Home
Up

Testing Shutter Speed

By Doug Criner

 

To obtain correct exposures, your film camera's shutter speed must be reasonably accurate. But measuring shutter speed presents some unexpected challenges.

Most small cameras have focal-plane shutters.  There are two shutter curtains:  the front curtain travels across the film and opens the lens, followed by the rear curtain which comes along behind and closes the lens.  In effect, there is a traveling slit in front of the film, and the width of that slit depends upon the shutter speed setting.  Different parts of the film frame are exposed at slightly different points in time, which causes the misshapen wheels in the photo of a moving bicycle.

For slow shutter speeds, it might be adequate to measure the time interval between the lens being, say, partially open and partially closed, ignoring the time required to open and close the shutter.  For fast speeds, the lens might not ever be fully open, since the rear curtain starts to close before the front curtain is fully open.  So measurement of shutter speed actually involves measuring the total amount of light energy falling on the film during the exposure.  For example, if the shutter is set for 1/250th of a second, it needs to expose the film one less stop (i.e., one half the amount of light energy) than at 1/125th of a second.  Therefore, one cannot simply set up a timing circuit started and stopped by photo-diodes.

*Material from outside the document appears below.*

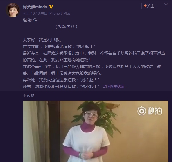 在网上流传的视频中,一名来自成都的超女选手在进行自我介绍时称自己患上重感冒,可能会影响演唱。话音未落,这名选手便遭到柯以敏的打断:“不要唱了,滚吧!”、一句都没唱完便遭到了评委的淘汰。这段视频受到了网友们的激烈讨论与大量转发,相关讨论话题登上热门社交平台讨论榜,网友对评委的行为表示愤怒,觉得作为前辈及专业评委应有基本尊重和具备应有的专业素养”。

A simple check is to expose a roll of film, photographing a uniform surface.  For each exposure, increase the shutter speed by one stop and open the lens aperture by one stop.  After the film is developed, all the frames should have roughly the same density.  If not, suspect that the shutter needs to be adjusted.  Usually what happens, particularly for a mechanical shutter, is that the faster shutter speeds fall out of calibration while the slower speeds stay reasonably accurate.  For this reason, I'm particularly leery of using a camera's fastest shutter speed unless I've verified its accuracy.

The "cat's meow" is to use a special-purpose electronic shutter-speed sensor.  Mine is a Camlogix SH-T2.  By adjusting the sensor bias with the camera shutter open (on "B"), the speed measurement is accurate for fast shutter speeds.